# [Task to carry out]
Across these entries, how many lines contain the word "effortless"? Answer with only the number.
*** Begin section ***
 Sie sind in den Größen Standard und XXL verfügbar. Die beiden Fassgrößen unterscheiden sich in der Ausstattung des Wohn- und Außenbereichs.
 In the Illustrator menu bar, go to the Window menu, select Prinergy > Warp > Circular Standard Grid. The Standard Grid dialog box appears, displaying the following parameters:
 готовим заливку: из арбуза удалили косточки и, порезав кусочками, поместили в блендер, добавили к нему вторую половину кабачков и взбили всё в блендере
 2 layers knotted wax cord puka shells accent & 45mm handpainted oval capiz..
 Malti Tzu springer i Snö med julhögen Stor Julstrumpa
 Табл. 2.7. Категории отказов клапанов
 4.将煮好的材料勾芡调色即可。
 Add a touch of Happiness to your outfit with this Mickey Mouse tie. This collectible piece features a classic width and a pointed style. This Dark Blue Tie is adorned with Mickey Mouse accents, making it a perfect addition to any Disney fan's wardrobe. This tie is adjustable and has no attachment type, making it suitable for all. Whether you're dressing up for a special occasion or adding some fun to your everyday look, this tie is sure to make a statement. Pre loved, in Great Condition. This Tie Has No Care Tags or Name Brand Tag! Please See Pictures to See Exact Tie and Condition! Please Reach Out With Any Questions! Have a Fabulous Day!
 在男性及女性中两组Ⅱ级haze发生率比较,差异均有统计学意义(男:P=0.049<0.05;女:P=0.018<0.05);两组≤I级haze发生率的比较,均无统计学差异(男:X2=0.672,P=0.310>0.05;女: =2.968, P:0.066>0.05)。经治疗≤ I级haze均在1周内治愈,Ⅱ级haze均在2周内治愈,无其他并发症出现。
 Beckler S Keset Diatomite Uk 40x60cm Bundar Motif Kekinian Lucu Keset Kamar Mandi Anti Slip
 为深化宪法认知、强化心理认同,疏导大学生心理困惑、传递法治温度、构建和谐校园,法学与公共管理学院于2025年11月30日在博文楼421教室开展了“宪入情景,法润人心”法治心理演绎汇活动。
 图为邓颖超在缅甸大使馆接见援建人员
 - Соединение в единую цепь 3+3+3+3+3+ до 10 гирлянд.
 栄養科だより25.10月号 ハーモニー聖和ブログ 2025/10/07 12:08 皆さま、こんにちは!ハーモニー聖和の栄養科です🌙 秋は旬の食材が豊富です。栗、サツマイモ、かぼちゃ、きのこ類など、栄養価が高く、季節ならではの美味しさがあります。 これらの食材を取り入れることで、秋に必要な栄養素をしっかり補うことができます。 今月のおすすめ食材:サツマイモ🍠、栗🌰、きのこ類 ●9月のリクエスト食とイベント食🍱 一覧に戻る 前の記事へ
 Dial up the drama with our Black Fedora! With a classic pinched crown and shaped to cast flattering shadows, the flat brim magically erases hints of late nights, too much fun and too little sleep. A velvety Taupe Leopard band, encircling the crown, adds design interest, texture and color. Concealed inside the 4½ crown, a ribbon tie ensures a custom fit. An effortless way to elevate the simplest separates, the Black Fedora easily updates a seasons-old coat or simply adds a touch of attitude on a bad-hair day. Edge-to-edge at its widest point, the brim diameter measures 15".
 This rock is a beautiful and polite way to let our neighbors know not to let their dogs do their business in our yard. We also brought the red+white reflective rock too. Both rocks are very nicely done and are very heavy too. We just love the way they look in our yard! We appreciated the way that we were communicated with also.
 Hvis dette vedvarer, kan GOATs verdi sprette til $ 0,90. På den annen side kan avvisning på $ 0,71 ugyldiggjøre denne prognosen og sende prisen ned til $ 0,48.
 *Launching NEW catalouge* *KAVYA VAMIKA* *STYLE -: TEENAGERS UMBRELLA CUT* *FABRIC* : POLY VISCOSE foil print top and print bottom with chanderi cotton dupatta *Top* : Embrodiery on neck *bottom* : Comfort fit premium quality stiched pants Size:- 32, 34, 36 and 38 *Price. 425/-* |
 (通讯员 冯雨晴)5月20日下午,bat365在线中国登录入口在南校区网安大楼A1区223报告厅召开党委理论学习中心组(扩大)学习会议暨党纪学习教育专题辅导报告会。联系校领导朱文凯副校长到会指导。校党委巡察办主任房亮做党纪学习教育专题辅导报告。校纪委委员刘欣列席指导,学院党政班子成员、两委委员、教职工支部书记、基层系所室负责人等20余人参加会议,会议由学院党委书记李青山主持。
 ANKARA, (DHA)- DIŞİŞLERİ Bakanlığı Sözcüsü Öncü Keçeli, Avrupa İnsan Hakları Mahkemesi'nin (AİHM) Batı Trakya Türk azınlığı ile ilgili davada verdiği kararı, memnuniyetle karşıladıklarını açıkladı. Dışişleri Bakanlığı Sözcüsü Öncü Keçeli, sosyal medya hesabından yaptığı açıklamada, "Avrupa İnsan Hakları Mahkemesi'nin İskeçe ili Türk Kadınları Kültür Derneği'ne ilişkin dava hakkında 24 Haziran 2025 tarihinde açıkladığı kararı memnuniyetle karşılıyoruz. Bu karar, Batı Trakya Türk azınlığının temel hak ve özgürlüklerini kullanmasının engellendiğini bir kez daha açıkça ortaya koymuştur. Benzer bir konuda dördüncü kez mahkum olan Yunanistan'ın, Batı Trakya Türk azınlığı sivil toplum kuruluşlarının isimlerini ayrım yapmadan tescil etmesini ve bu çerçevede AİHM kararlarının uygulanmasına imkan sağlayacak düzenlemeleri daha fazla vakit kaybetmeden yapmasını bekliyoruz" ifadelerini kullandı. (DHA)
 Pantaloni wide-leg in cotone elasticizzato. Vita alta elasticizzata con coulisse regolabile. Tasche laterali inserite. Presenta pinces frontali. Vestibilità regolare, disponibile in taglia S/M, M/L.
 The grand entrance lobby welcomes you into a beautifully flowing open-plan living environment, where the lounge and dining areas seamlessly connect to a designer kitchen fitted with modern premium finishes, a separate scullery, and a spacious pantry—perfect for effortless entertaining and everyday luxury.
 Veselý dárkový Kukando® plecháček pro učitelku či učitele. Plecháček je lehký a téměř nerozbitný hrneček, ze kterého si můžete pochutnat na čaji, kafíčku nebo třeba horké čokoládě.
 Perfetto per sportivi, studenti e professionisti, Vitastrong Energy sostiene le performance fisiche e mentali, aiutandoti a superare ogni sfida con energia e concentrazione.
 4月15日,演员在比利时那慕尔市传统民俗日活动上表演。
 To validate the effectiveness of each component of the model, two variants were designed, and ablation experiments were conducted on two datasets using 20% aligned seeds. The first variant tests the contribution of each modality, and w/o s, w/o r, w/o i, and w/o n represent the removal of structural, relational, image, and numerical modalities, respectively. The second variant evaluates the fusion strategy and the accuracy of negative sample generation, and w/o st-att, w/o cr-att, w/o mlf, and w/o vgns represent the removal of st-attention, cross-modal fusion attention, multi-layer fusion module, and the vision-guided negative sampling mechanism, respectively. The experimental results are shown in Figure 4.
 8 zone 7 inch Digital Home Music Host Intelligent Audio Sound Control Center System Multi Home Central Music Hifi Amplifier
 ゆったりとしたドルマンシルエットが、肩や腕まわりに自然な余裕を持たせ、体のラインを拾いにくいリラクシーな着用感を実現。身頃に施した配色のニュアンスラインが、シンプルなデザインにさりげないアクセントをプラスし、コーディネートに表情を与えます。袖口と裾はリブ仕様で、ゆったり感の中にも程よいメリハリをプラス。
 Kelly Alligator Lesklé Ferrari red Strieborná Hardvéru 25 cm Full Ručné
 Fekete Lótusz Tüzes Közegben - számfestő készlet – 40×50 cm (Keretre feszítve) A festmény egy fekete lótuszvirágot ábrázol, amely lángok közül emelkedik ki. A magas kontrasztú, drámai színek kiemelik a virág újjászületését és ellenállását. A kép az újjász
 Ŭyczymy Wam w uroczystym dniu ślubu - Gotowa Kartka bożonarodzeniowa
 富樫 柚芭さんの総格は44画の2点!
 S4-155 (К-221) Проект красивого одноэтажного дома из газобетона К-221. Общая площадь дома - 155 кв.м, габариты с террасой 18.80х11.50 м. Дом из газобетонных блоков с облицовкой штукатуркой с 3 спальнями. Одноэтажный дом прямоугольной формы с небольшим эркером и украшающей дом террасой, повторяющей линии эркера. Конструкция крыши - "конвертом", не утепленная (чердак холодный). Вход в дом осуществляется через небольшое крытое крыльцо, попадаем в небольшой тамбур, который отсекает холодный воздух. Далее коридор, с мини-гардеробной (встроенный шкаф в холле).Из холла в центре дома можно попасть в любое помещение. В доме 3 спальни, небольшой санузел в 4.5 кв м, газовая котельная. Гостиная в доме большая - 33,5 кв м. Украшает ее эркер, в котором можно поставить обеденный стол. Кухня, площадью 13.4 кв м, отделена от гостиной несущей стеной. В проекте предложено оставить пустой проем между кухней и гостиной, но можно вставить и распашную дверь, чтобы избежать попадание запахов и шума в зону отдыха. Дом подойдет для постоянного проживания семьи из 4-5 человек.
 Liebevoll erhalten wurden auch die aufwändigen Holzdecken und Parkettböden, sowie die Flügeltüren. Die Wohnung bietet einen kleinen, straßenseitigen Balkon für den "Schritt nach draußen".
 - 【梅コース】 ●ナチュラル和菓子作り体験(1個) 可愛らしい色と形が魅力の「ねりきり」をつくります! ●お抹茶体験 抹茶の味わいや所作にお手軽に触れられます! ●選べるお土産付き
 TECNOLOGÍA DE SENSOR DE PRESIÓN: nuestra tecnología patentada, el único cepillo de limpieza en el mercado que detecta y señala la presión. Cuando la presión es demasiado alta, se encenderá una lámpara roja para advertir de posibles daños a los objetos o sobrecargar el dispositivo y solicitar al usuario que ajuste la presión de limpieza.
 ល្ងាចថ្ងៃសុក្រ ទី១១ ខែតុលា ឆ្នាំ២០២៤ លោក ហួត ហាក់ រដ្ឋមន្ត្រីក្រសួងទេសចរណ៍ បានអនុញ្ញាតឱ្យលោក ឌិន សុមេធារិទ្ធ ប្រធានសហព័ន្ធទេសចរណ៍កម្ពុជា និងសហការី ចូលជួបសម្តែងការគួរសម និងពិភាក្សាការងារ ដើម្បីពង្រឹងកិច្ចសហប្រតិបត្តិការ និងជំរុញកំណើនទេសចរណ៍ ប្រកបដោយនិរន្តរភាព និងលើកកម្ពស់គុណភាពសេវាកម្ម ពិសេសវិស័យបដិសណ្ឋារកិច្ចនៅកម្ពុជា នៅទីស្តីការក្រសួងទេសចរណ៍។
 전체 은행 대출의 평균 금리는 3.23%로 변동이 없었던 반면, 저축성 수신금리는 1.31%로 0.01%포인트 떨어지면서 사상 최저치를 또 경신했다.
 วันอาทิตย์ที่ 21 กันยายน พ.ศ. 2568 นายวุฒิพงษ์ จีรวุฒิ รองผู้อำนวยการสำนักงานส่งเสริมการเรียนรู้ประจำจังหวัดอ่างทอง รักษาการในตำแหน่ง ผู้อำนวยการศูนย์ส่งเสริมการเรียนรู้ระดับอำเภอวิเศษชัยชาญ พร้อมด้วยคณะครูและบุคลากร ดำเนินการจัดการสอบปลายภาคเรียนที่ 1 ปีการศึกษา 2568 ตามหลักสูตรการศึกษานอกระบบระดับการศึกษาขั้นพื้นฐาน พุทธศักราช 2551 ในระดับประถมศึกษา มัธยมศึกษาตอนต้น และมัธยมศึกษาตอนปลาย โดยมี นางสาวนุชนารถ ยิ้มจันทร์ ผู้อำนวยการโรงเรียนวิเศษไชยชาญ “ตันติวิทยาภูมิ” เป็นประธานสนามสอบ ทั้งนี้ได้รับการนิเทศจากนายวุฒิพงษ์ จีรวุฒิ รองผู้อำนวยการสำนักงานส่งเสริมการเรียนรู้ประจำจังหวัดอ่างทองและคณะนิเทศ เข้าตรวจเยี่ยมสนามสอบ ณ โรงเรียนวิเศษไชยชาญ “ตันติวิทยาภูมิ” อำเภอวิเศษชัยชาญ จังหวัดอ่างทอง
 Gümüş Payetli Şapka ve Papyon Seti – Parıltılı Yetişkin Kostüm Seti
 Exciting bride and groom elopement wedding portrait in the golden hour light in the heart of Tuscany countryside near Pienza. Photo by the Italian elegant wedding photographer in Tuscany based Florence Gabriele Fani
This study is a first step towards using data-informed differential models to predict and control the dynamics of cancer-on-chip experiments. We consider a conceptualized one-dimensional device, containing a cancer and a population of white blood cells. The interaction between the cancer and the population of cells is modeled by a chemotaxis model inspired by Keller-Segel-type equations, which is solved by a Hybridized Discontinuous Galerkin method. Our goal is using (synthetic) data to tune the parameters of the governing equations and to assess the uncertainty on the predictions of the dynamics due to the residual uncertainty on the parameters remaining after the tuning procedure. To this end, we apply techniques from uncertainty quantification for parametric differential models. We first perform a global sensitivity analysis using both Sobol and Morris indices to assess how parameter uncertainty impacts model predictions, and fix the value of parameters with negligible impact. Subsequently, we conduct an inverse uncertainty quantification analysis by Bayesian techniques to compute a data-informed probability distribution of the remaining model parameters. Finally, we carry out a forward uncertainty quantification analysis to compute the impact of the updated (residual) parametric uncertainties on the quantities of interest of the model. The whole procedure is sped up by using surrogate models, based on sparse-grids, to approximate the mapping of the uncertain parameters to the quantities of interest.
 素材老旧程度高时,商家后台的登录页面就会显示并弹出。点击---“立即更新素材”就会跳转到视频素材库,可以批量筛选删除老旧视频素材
*** End section ***
# [Task solution]
2